Вне Италии скрипач постоянно мерз и даже летом, бывало, сидел, закутавшись в шубу и полузакрыв глаза, как будто в зимней спячке. Утром его было трудно разбудить, а без постороннего вмешательства он мог проспать целый день. Перед концертом Паганини всегда нервничал и был серьезнее и молчаливее, чем обычно. Входя в уборную, первым делом спрашивал, много ли народу пришло, и, услышав утвердительный ответ, радовался: «Хорошо! Есть еще славные люди!» Репетировал только перед выступлением — говорил, что достаточно наупряжнялся за свою жизнь. Ему не нужно было прикасаться к скрипке — она звучала у него в уме. Один англичанин полгода тайно следовал за ним по всем гостиницам, надеясь подслушать и раскрыть «секрет» его игры. За все время он ни разу не слышал из комнаты скрипача ни звука. Наконец однажды он увидел в замочную скважину, как Паганини вынул скрипку из футляра и положил на плечо. Англичанин застыл в предвкушении своей удачи, но маэстро молниеносно пробежал пальцами по струнам и положил инструмент на место. Волнуясь перед концертом, Паганини тем не менее не выходил на сцену, не получив задаток и не помучив публику ожиданием. Во время игры он плотно прижимал локоть левой руки к телу и действовал одной кистью; смычок он держал большим и указательным пальцами. После концерта он с удовольствием забавлял дам, пришедших к нему в уборную с букетами, рассказывая о скрипке и показывая гибкость пальцев левой руки, большой палец которой отгибался в обратную сторону и касался тыльной стороны руки; он также без усилия сгибал локти в обратном направлении.
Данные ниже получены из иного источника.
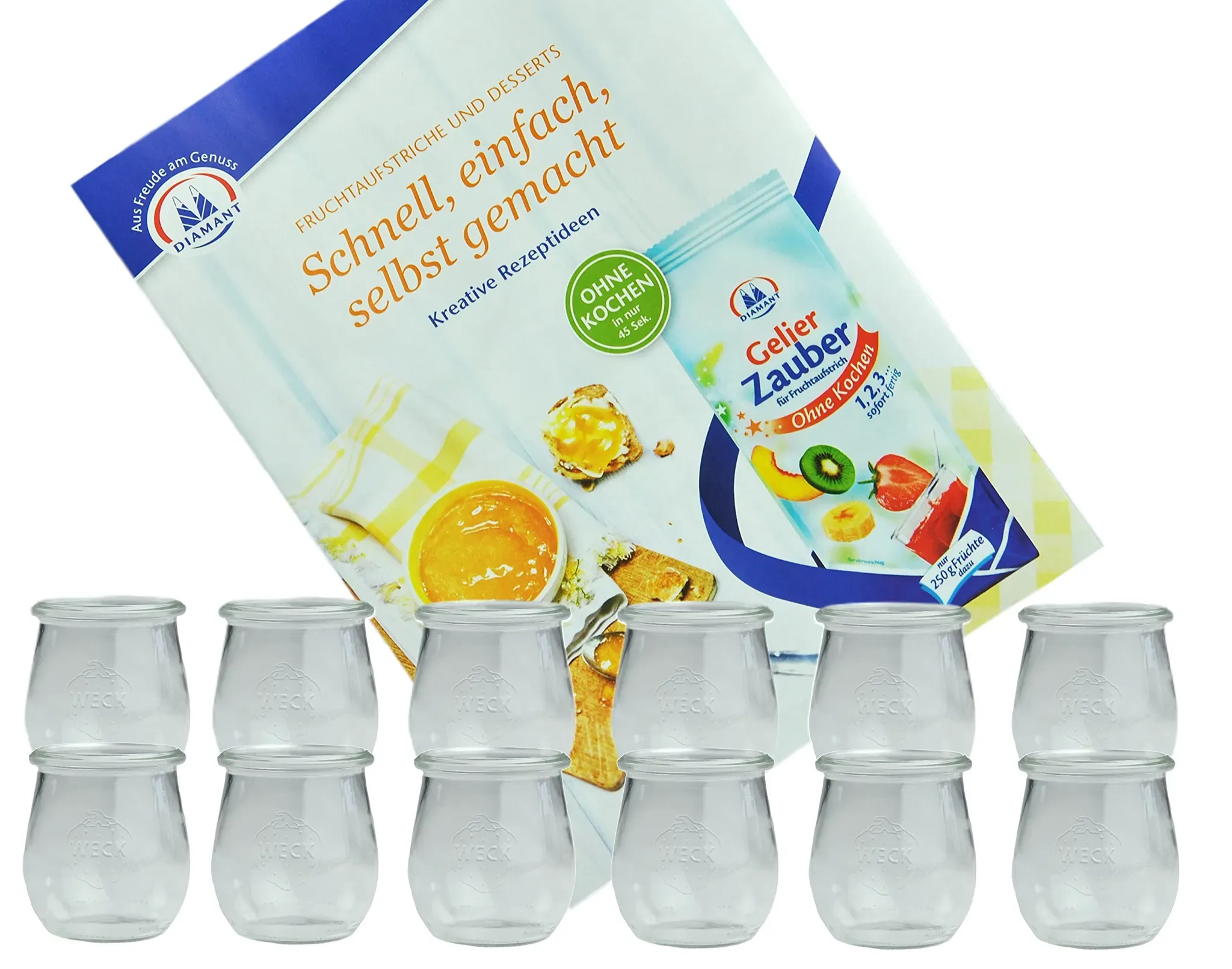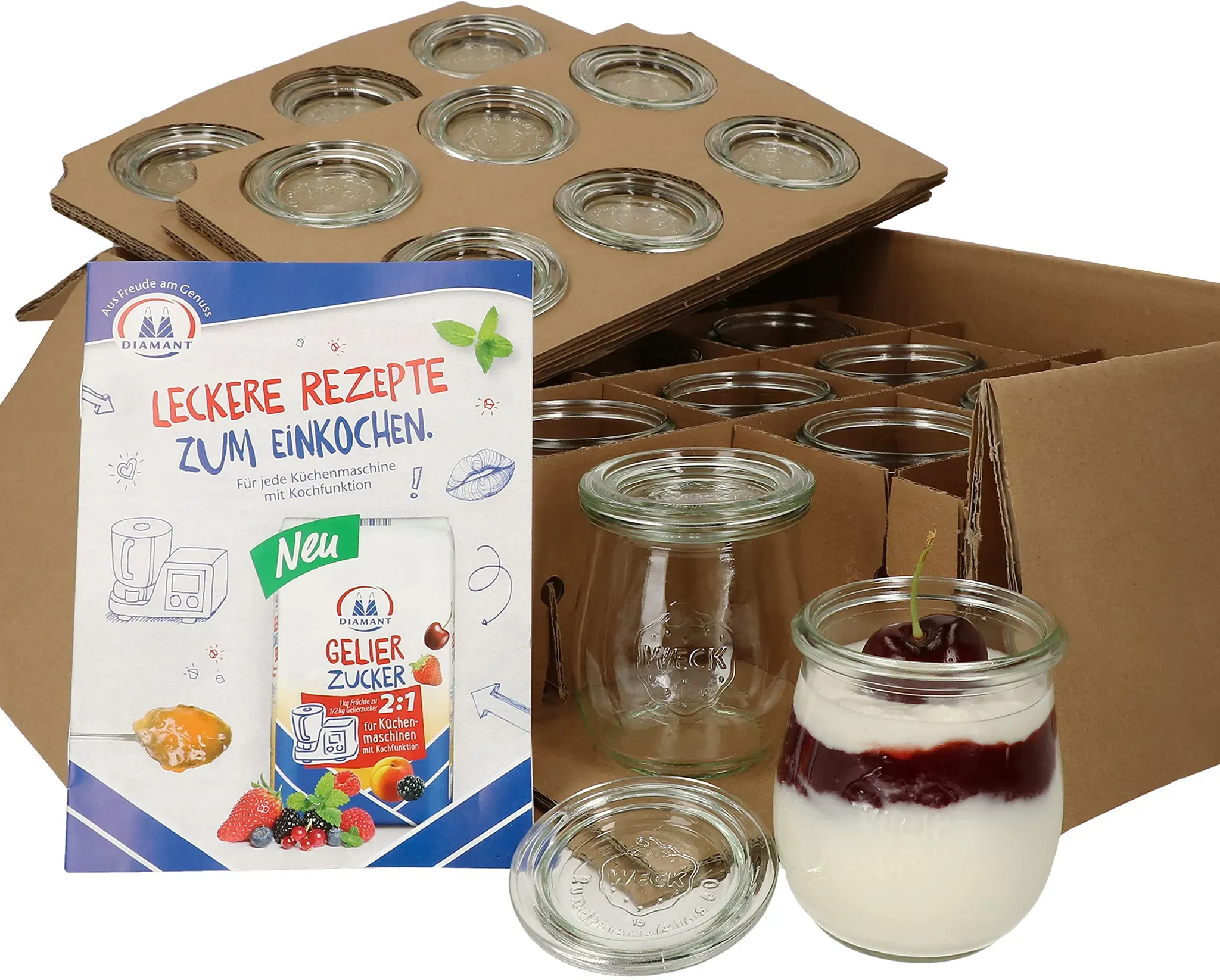 Kategorie: Vorratsgläser - Mambocat - GTIN:4250857227419 - BESTE KONSERVIERUNG Die Einweckgläser Tulpenform sind besonders ideal zum klassischen Einkochen von Obst und Gemüse geeignet. Auch perfekt zum Konservieren von Marmeladen Desserts Dips Pasten uvm OFENFESTE EINMACHGLäSER Die Tulpen Weckgläser sind backofentauglich und daher auch als Backgläser oder Kuchengläser zum Backen von zB Kuchen oder Muffins geeignet I Auch Einfrieren ist möglich WECK TULPENGLäSER SET Das praktische Dessertgläser Set beinhaltet 12 Weck-Gläser Tulpenform ohne Deckel mit 220ml Füllmenge I Zubehör wie Glasdeckel Weck Klammern Einkochringe separat erhältlich GRATIS REZEPTHEFT Zusätzlich zu dem Weck Glas Set erhältst Du kostenlos das Diamant-Zucker Gelierzauber Rezeptheft mit den besten Rezepten für leckere Nachtische Kompotts und beliebte Marmeladen MAMBOCAT als Spezialist für Deine Haushaltswaren I Verschiedene Weck Einmachgläser Sets in allen Formen und Größen I Aufbewahrung - Gläser - Porzellan - Tonware - Alles was Dein Herz begehrt - 19,99 Euro bei Amazon Marketplace Home - gefunden von billiger.de Dieses 12er-Set mit Glasdeckeln und Rezeptheft ist ein attraktives Paket für Einsteiger und erfahrene Einwecker gleichermaßen. ![]() ![]() MamboCat 12er Set Weckgläser mit Glasdeckel 220 ml I Original Weck Tulpenglas Joghurtglas, Dessertglas I Einweckgläser mit Deckel für Dips Aufstrich I inkl. Diamant-Zucker Gelierzauber Rezeptheft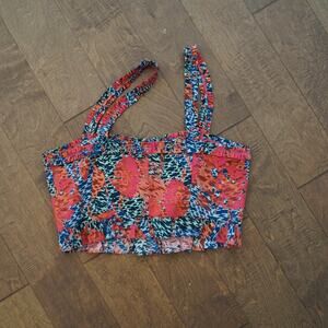 Ulla Johnson Crop Top Womens 12 Multi Alexandra Flamingo Printed Button Detail.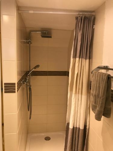 现代化的私人浴室设有淋浴、浴缸和吹风机。客人可以在公寓欣赏到花园的景致。

   Паганини часто обвиняли в жадности и скупости. Он действительно брал за выступления много, а жил экономно — сказалась привычка к экономии, приобретенная в детстве. Так, он не любил тратиться на одежду и часто покупал фраки у старьевщиков, упрямо торгуясь за каждый франк. Однако он давал множество благотворительных концертов, посылал крупные суммы матери, поддерживал менее удачливых собратьев-музыкантов: например, Берлиозу подарил 20 000 франков. Ничего не требуя для себя, Паганини покупал своему Ахиллино — маленькому сыну, отсуженному им у жены после развода, — самые красивые и дорогие вещи.
 
   «КАЗИНО ПАГАНИНИ»
 
   К 1833 году состояние Паганини достигло трех миллионов франков. Маэстро занялся коллекционированием инструментов и собрал великолепную коллекцию скрипок и виолончелей Амати, Гварнери, Страдивари. Немалых денег требовали и постоянные обращения к врачам из-за обострившихся застарелых болезней. О том, какие суммы Паганини постоянно носил при себе, говорит то, что однажды вор украл у него из номера 120 000 франков.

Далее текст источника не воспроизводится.